Blockchain to restore job applicants’ control of their credentials
Report by the American Council of Education argues that blockchain-based tracking of credentials may help solve labour market woes
As the world explores the benefits of the use of blockchain technology in sectors across the spectrum, education seems to be next on the list. A report titled “CONNECTED IMPACT: Unlocking Education and Workforce Opportunity Through Blockchain” was released on June 8 2020 by the American Council of Education, outlining how the technology can help individuals gain control over their credentials and make a better case for themselves in the labour market.
The report is the product of a four-month-long study funded by the United States Department of Education. It draws its conclusions based on extensive research of the problems faced by the growing labour market crisis and opportunities provided by blockchain as a solution to these problems. The research was conducted between November 2019 to February 2020, prior to the global economic downturn due to the coronavirus pandemic.
Explaining the importance of the report, Louis Soares, chief learning and innovation officer at the American Council on Education said, “We’re still struggling to make colleges and employers speak the same language. We’re still trying to address the challenge of creating a digital identity.”
The report states that unemployment and underemployment rates are on the rise as of December 2019, with data from the Federal Reserve suggesting that four out of every ten college graduates are underemployed.
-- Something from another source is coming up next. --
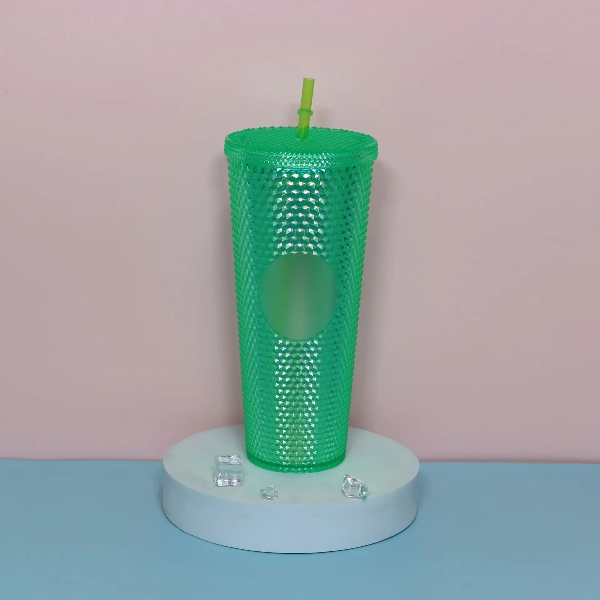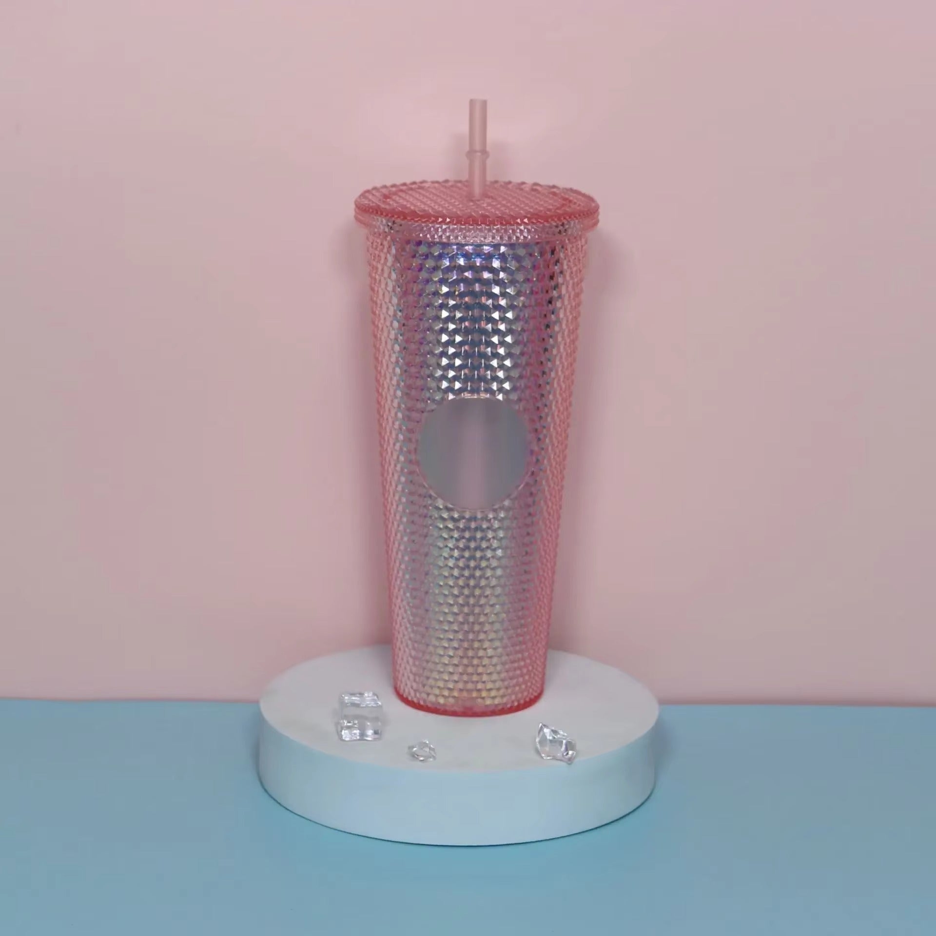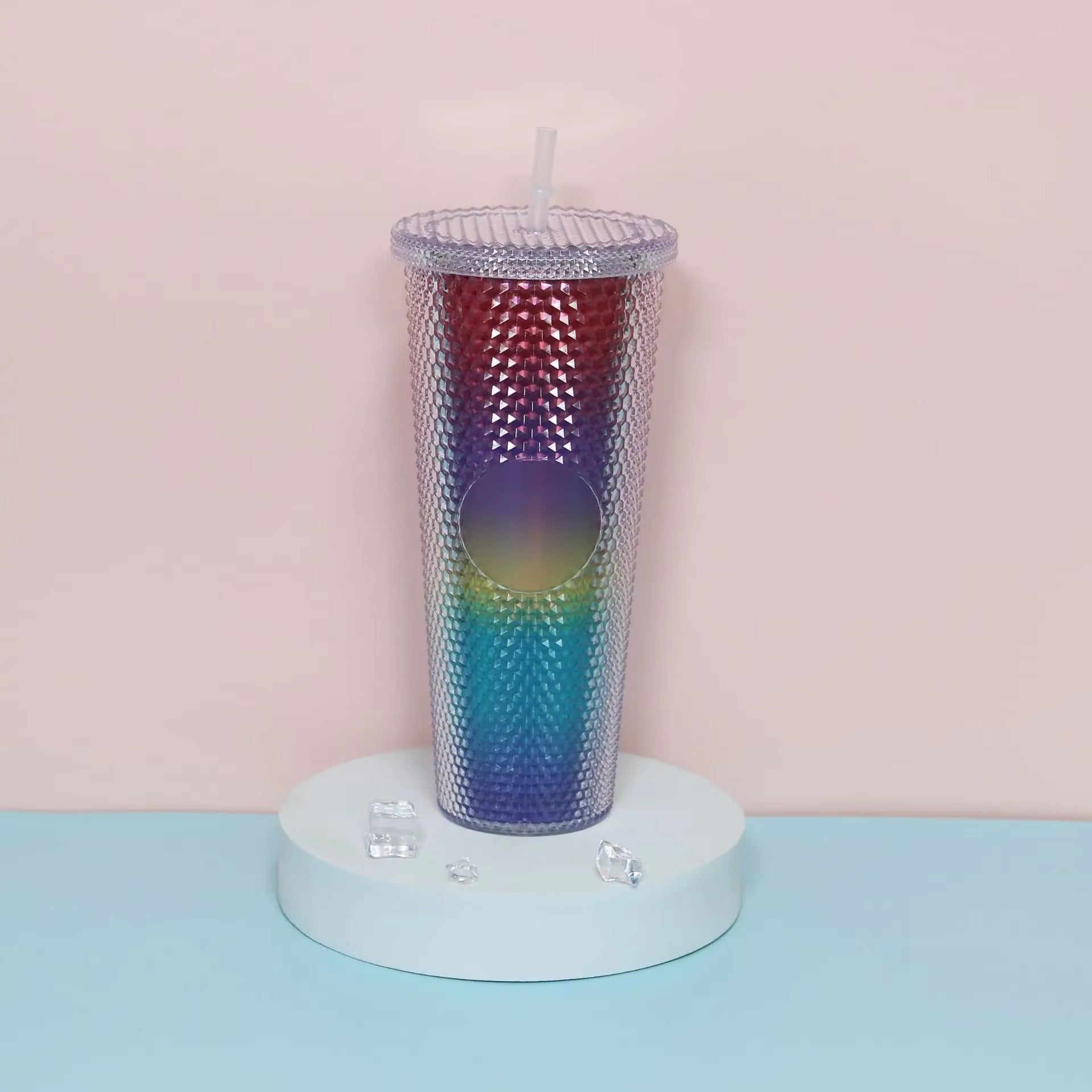 Diamond Pattern Double Layer Plastic Straw Cup with Gradient Color for Outdoor Travel Sports Drinkware Camping Gifts New
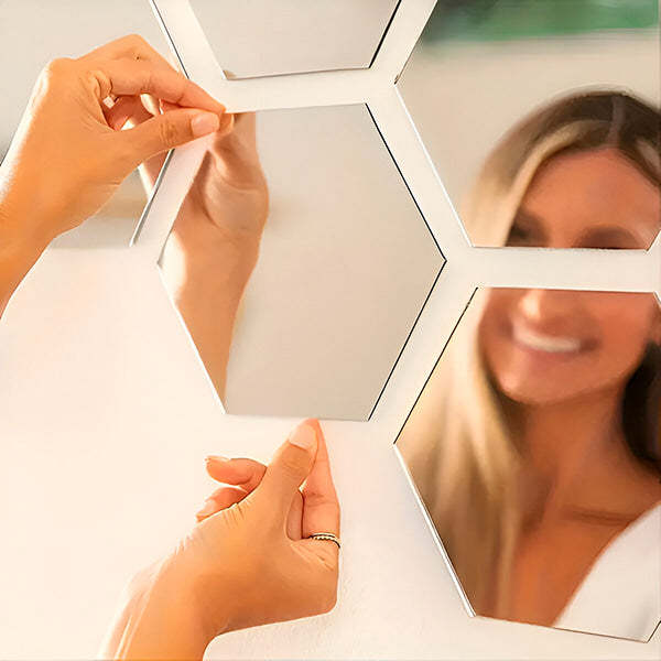 Samolepljive nalepnice sa šestougaonim ogledalom su dekorativni dodatak koji trenutno ulepšava izgled vašeg doma. Ovo je pristupačan i elegantan način da ukrasite svoje zidove.

In fact, the average time spent in a job, data suggests, is only 4.2 years.
Thus, the report argues, that providing more control over tracking candidates’ multiple credentials will benefit graduates in the dynamic and unpredictable race for employment. Blockchain provides a tamper-proof pathway to optimise human capital data (like an individual’s academic and work history) and promote competitiveness. Blockchain technology can create “more efficient, durable connections between education and work,” the authors say.
The report states that blockchain-based CVs and portfolios will enable stakeholders, including colleges, hiring managers and students, to have a credible real-time record of an individual’s skills and certifications. The authors identify “personal data agency, lifelong learning, and the power of connected ecosystems,” as the three major themes from the research that blockchain technology can play an immense role in.
The report also states that there are presently 71 different efforts from across the world which are working towards using blockchain technologies in the field of education.
The authors indicate that the use of blockchain into giving individuals control over their “human capital data” will improve the speed and granularity of verification and sharing. It adds that the use of a sustainable, transparent and auditable technology like blockchain will provide a competitive advantage of flexibility and adaptability on the ownership of one’s data for the “vulnerable population”.